But then you get to my house and it’s a bit, well, unsightly. I often get the feeling that there will be a neighbourhood coup to run us from town for being the blight on their Middle-class protentious bliss. I can see why though: overgrown garden, disused race-car on the lawn, exposed brickwork, and that’s just the outside. As soon as you walk through the front door you see more plaster, a garish '80’s green and brown carpet and rooms that have always, in my twenty years of life, been in the process of being redecorated.
I never used to care about where I lived, but then I went to University with a large collective of rich Londoners, dated a public schoolboy and became a tad self conscious. I know that anyone worth befriending shouldn’t judge me by the house I live in, but you try telling yourself that when the ceiling has caved in and you have a conversation with your mortified best friend with the background noise of your dad on the toilet directly above, I shit you not.
My boyfriend Matthew lives in a large, three storey new build on an estate set back by a forest in the country. When I first went there it was quiet, relaxed and cream enough to make me worry that I might have had the smallest spec of dirt on my shoes and instinctively left my leopard-print pumps by the door. It’s quite unusual for anyone to do that back at the building site. You’d be more likely to trail plaster dust behind you as it clung to your clean white socks than deposit any dirt yourself. So you can see that the two environments are rather different. The people are, too.
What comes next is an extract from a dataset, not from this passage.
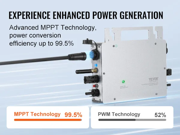 Conversión de energía de alta eficiencia: nuestro inversor tiene una potencia máxima de 800 W y un rango de voltaje de funcionamiento de CC 18 V-50 V, admitiendo 2 grupos de acceso a módulos de paneles solares. Con nuestra avanzada tecnología MPPT, la eficiencia de conversión de energía alcanza el 99,5%. Con una eficiencia tan alta, verás un aumento notable en tu producción de energía, aprovechando al máximo tus recursos renovables.
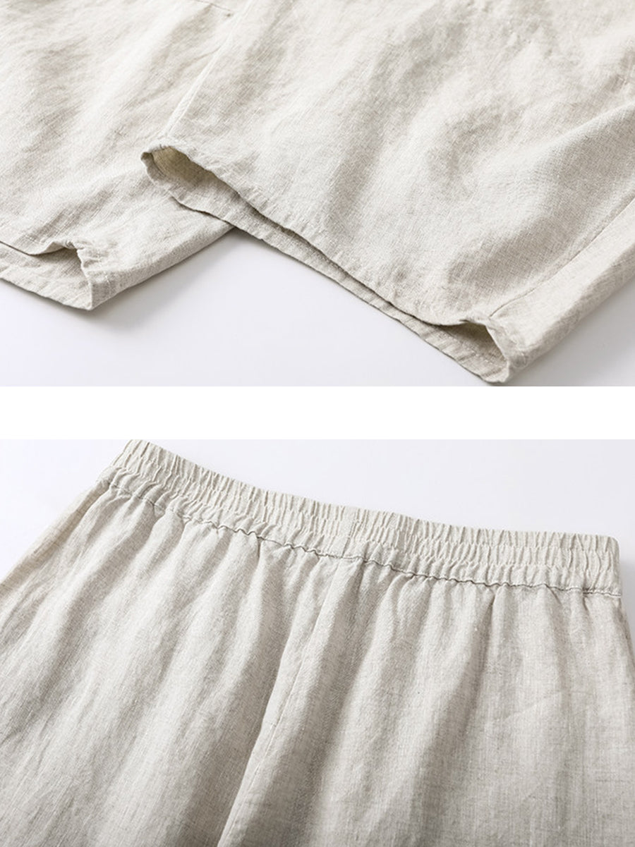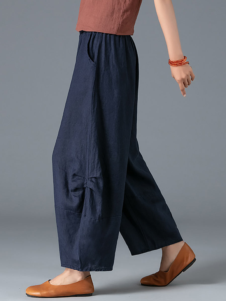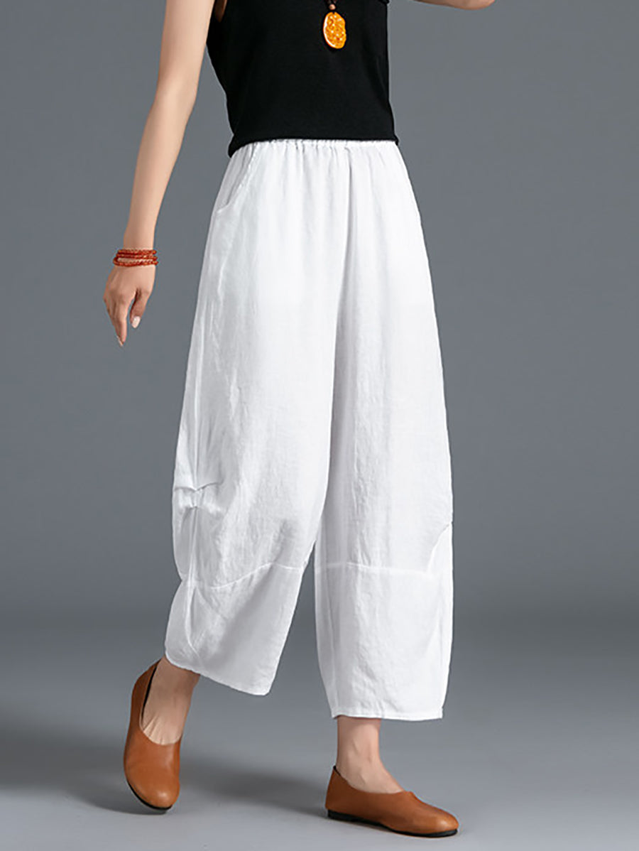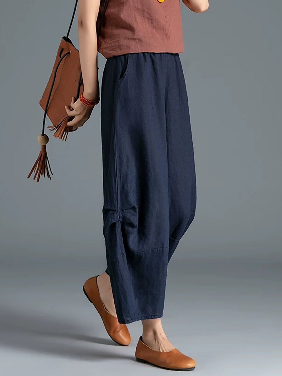 Pantalones bombachos de verano para mujer, 100 % lino, color puro

I met Matthew’s parents a week after he’d broken up with his ex-girlfriend and was greeted with what I believed was a confused look from his father and rightly so, considering that I was a short mixed race brunette and not a skinny, back-combed blonde with a nose stud. But despite the hasty, perhaps inappropriate beginning to our relationship, they politely welcomed me and I began to see the intricacies of the family over a wonderfully cooked dinner. Flip to Maison Macdonald and you’ll be lucky if there isn’t fifty swear words, two arguments and three complaints that dinner is crap in the first five minutes.
I honestly believe I have the most amazing, semi-dysfunctional family that anyone could wish for and usually my friends feel the same way about them. My brother has a summer house in the garden, home to X-box gaming marathons and other illicit activities, the acceptance of which has pushed my parents up to legendary status among his 24 year old friends. They are relaxed to the point of hosting house parties, always providing the witty banter, chilli, nacho’s and beer bong.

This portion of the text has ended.